There has been a lot of discussion, since the initial Flashback variants were released in late 2011, about Flashback’s actions. Until now, there has been little to no information about who was responsible for Flashback. Today, on the anniversary of Apple’s last XProtect update to guard against Flashback, Brian Krebs has given a thorough account of the identity of the man who claims he is behind one of the most prolific and advanced OS X threats to date.
Flashback’s focus on financial gain by redirecting infected users’ Google searches led Krebs to searching for more clues on underground Search Engine Optimization (SEO) forums. This hunch was a good one, as it turns out one of the founding members of a private Blackhat SEO site seems to be the person behind the pandemonium.

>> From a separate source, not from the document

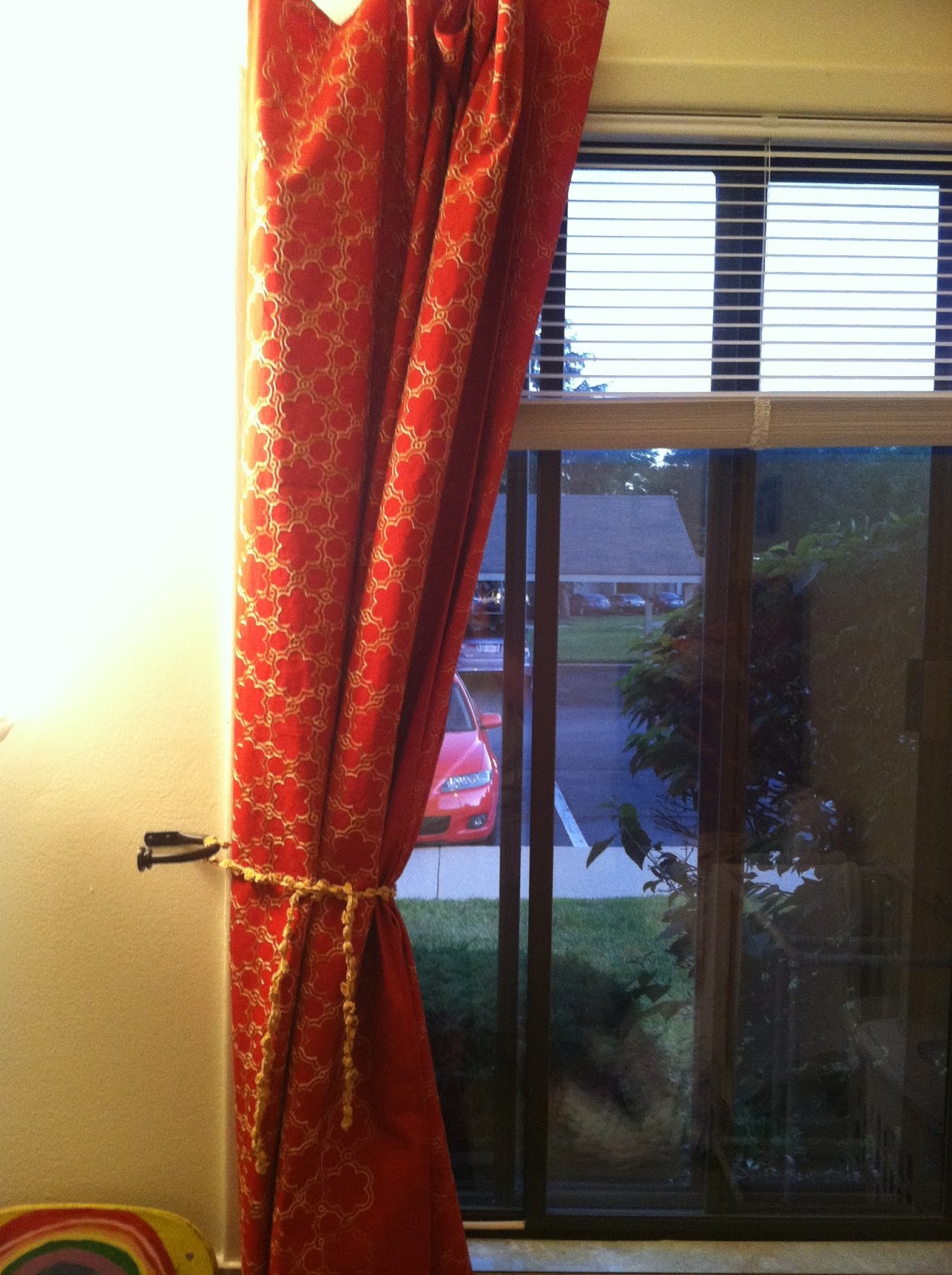 Here is her bedroom curtain tied back:

His account of how he came to find this man gives a clear view of the sort of interactions that are behind much malware these days. Shadowy underground websites that vet new members by reputation, using skilled programmers as hired guns – it all reads like a nouveau gangster story. Truth is sometimes stranger than fiction.
Krebs has made a name for himself out of naming and shaming online criminals, at significant personal cost. His site is frequently a target of Denial of Service attacks, and recently he was subjected to SWATing at his own home. But as his reports have been incredibly helpful in interfering with cybercriminals, we hope he continues to keep digging – this sort of public identification increases the perceived cost of being a successful attacker.